Examples of this include gradient descent and other standard machine learning algorithms. Image
classifiers and GPT-3 are expected to be in this class, although there is speculation that with some
prompts GPT-3 could emulate enough of a dangerous mind to attempt a break at confinement. 

Level 2: The program is designed to have agency, and interacts with the environment (even a
simulated one) in a goal-directed way. The includes reinforcement learners and agents learned by
genetic algorithms

Level 3 (danger): A practical understanding of self, and theory of other minds develops

\subsection{Goal Observability}

Software that has very simple functionality (such as a thermostat) has completely comprehensible
goals, to the extent that we hardly consider them goals so much as the system's only functionality.
More complex software may use an optimization process to maximize some objective function (or
minimize a loss function), which provides a goal which is understandable, but the goal seeking
behavior of the agent may not be. 

Level 0: Programs that ``just run" and have no goal seeking behavior

Level 1: Basic goal seeking behavior such as numerical optimzation

Level 2: Complex goal seeking with the ability to seek subgoals and express reward hacking

Level 3 (danger): Ability to realize instrumental goals and seek self improvement

\subsection{Escape Potential}

Level 0: None

Level 1: The agent may find unexpected behaviors which technically achieve the goal but are not

Level 2: The agent intentionally seeks to hack its environment

Level 3 (danger): The agent has the ability and drive to break through most cybersecurity and
containment proceedures


Level 0: Obviosly a machine

Level 1: Some suface level apprearance of humanity (natural language interaction, robot
chassis with human features, 

Level 2: Level 1 but with software to support the illusion of humanity (speech interaction,
human-ish actuated movements)

Level 3 (danger): The AI can be mistaken for a human even with unrestricted communication (may be
text-only, voice, or in person)

Hmm that didn’t format exactly right. Any way, I ended up doing some actual work today! But it’s quittin’ time (20 minutes past, actually). Bye!

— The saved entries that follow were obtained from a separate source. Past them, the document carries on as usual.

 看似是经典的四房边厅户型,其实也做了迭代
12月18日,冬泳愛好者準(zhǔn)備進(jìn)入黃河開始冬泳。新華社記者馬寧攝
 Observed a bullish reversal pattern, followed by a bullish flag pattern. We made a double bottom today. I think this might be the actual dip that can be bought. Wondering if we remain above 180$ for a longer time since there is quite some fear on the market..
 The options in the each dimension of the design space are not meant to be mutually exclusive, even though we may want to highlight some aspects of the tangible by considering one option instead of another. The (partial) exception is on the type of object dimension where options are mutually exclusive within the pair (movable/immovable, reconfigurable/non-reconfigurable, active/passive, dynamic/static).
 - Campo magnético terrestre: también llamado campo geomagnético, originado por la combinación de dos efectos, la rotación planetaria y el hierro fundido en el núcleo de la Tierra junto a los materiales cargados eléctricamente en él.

I think I had a dream that I configured this website to use Pandoc for the markdown formatting. Weird. Anyway I’m here totally on time today! Although I do have a bagel in the toaster I’m going to go and prepare and eat here in a minute.

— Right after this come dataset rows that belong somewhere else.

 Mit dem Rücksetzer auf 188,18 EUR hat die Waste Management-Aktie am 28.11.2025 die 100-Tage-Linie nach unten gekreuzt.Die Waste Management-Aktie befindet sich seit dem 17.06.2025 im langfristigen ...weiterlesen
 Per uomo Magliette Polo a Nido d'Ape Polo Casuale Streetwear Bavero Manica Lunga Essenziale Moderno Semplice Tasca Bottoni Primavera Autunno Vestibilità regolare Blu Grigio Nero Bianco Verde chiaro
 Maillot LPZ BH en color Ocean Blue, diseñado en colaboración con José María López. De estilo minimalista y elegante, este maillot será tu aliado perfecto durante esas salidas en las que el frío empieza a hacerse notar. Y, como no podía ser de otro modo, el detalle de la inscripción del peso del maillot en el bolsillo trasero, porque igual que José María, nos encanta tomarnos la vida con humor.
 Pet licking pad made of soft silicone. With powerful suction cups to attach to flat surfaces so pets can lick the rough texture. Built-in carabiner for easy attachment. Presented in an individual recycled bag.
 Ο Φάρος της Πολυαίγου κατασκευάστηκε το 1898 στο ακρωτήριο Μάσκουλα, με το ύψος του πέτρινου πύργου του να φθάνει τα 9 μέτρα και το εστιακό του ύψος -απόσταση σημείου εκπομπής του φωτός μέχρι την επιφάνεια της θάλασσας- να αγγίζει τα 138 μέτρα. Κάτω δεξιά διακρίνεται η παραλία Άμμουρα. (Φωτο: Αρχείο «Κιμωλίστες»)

Well that was a solid 10 minute procrastinate.

I’ve added a little bit but I’m just not working that well today. I’ll read some Perrow instead to make the best of this unfocused day.

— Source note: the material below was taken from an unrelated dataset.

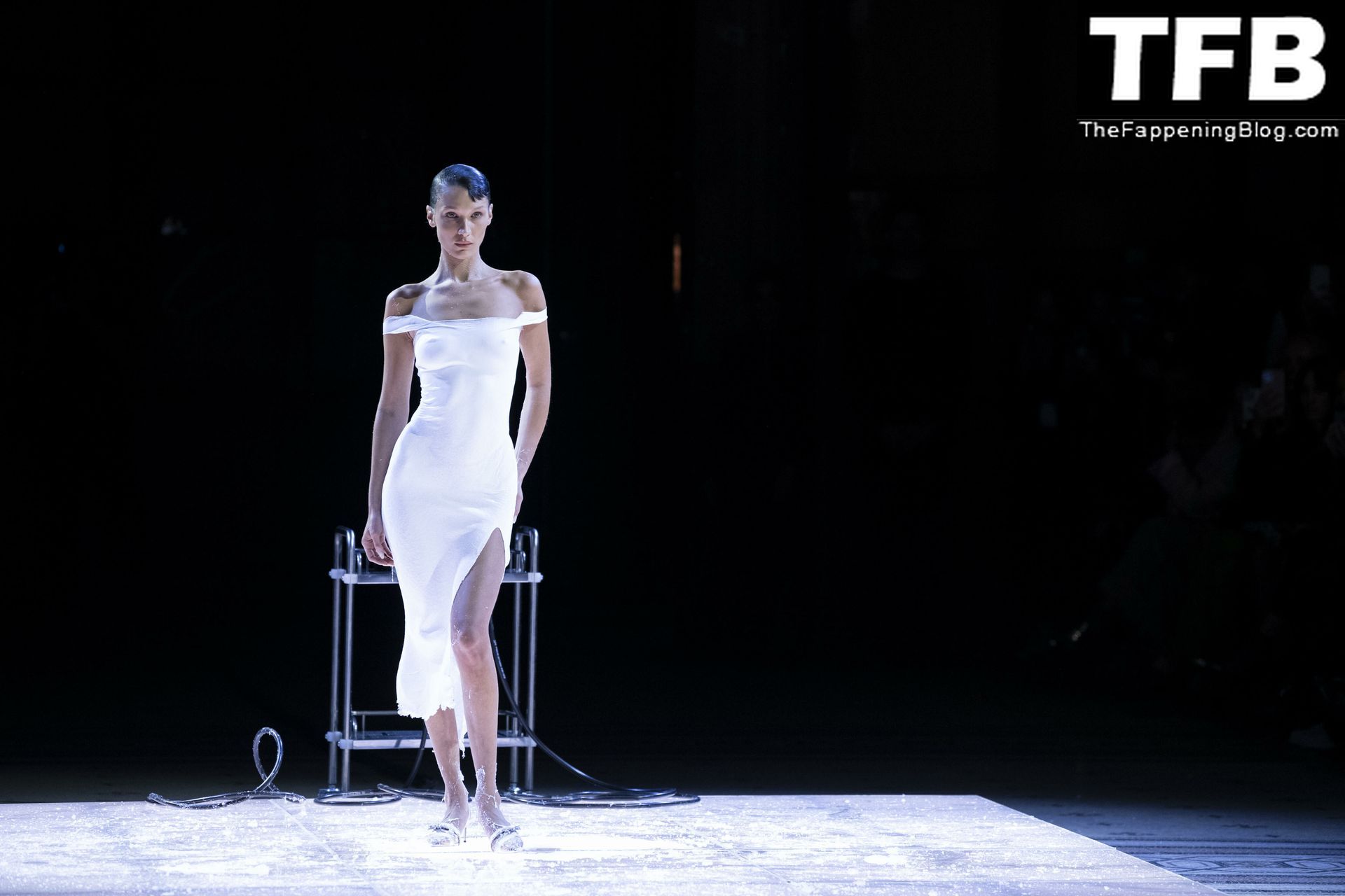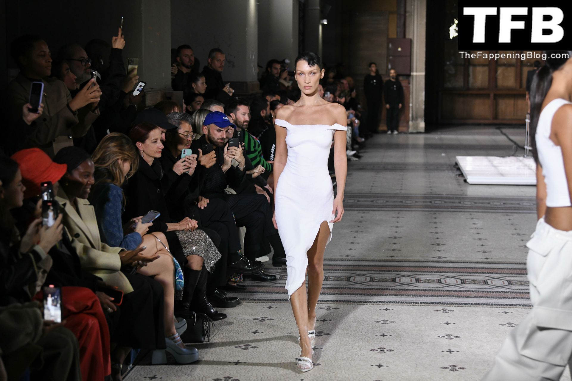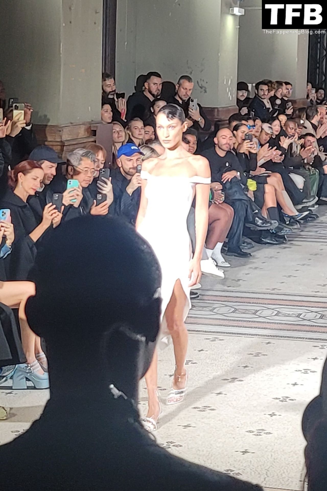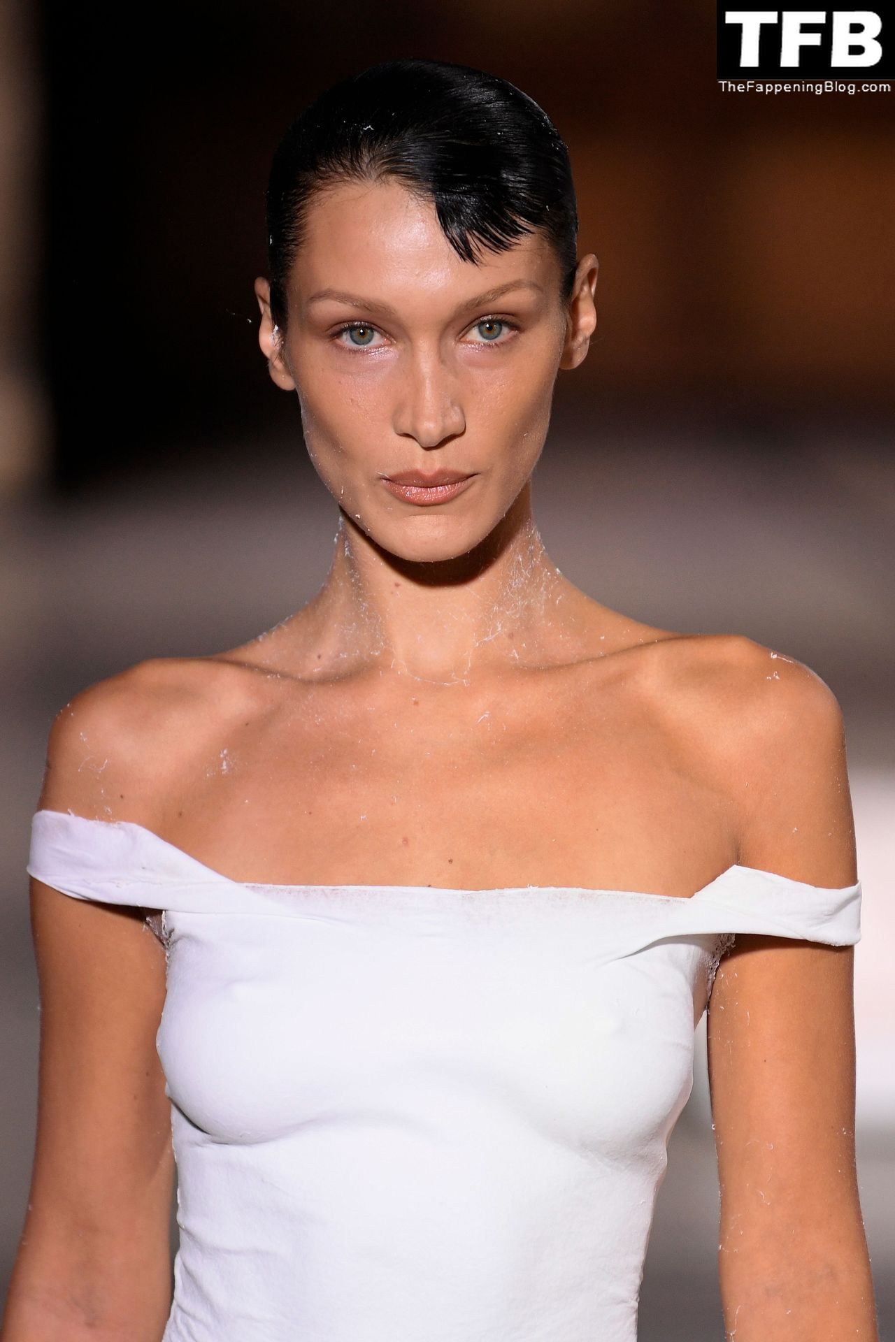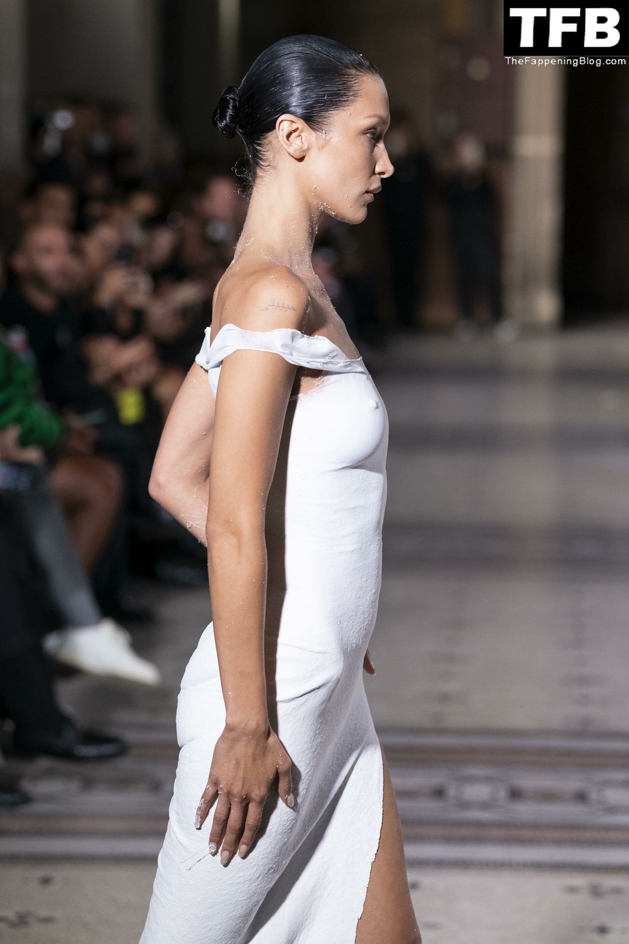 Белла Хадид появляется на показе мод Coperni во время Парижской недели моды, 30.09.2022. Модель получает платье, распылённое краской, прямо во время показа.

So far, “Normal Accident Theory” is interesting but not especially relevant to my thesis as it focuses so heavily on nuclear power plants. They make decent metaphors for use cases of AI, but only in a very abstract way.

Lunch Break

I’m back. I think I’m going to work on the blog code rendering issue, because I am having trouble focusing on work and reading Perrow doesn’t feel especially productive.

Hey I did it! I set up the site to run on my desktop (sbcl, quicklisp) and had to make some changes (for some reason the string library was being more strict about types it would accept). Then I changed the bit of code that used cl-markdown to instead use a system call to pandoc, and fixed a bug I had with the header chomping eating up a bunch more text than it was supposed to and everything worked! For doing software maintenance on something I made like 2 or 3 years ago, that was surprisingly fast and easy. I guess lisp is just magic like that.

Oof okay I still need to work. I don’t know what to write. I guess I could start on another case study, maybe a fictional one.

Well HAL-9000 turned out to be pretty good for analyzing in my system. The AI safety section was especially applicable because Space Odyssey 2001 is mostly about an aligned issue of a human-level AI.

Time to spellcheck, checkout and push changes and I’ll be done for the week. And a quick status update to Dr. Yampolskiy.